United States v. Olmeda, 461 F.3d 271, 284 (2d Cir. 2006). For purposes of this motion, this Court is satisfied that the use of the language "beginning on an unknown date" and the phrase "and elsewhere" in the indictment is not, contrary to defendant's motion, confusing and highly prejudicial. Moreover, this Court finds that count three of the indictment provides the defendant with sufficient notice of the charges against him to enable him to appropriately defend himself. For the foregoing reasons, defendant's motion to strike surplusage from count three is DENIED.

Therefore, it is hereby ORDERED pursuant to 28 U.S.C. § 636(b)(1) that:

This Decision and Order be filed with the Clerk of the Court.

ANY OBJECTIONS to this Decision and Order must be filed with the Clerk of this Court within ten (10) days after receipt of a copy of this Decision and Order in accordance with the above statute, Fed. R. Crim. P. 58(g)(2) and Local Rule 58.2.

The district judge will ordinarily refuse to consider de novo, arguments, case law and/or evidentiary material which could have been, but were not presented to the magistrate judge in the first instance. See, e.g., Paterson-Leitch Co., Inc. v. Massachusetts Municipal Wholesale Electric Co., 840 F.2d 985 (1st Cir. 1988). Failure to file objections within the specified time or to request an extension of such time waives the right to appeal the District Judge's Order. Thomas v. Arn, 474 U.S. 140 (1985); Wesolek, et al. v. Canadair Ltd., et al., 838 F.2d 55 (2d Cir. 1988).

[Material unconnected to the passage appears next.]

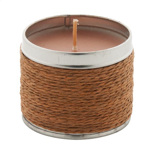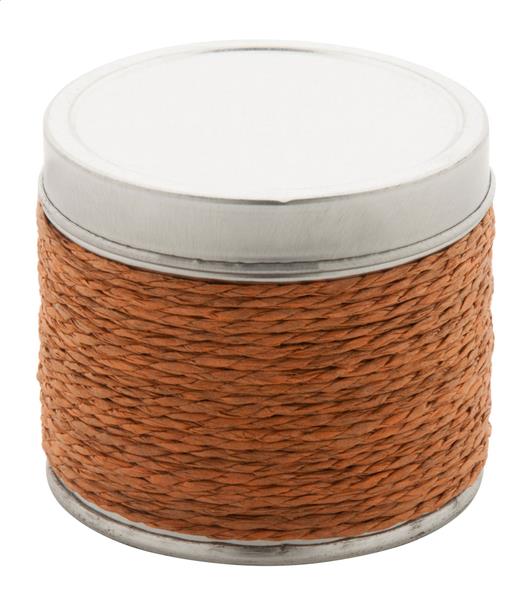 Świeca w metalowym pudełku oplecionym sznurkiem.
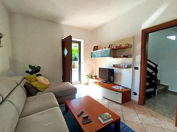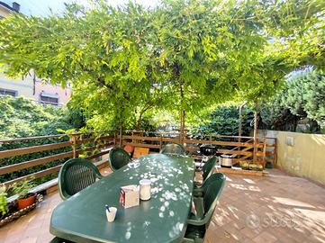 Alla zona giorno si accede dal terrazzo d'ingresso impreziosito da un piacevole bersò naturale. Il terrazzo, di notevole metratura si presta ad una piacevole personalizzazione.

The parties are reminded that, pursuant to Rule 58.2 of the Local Rules for the Western District of New York, "written objections shall specifically identify the portions of the proposed findings and recommendations to which objection is made and the basis for such objection and shall be supported by legal authority." Failure to comply with the provisions of Rule 58.2, or with the similar provisions of Rule 58.2 (concerning objections to a Magistrate Judge's Decision and Order), may result in the District Judge's refusal to consider the objection.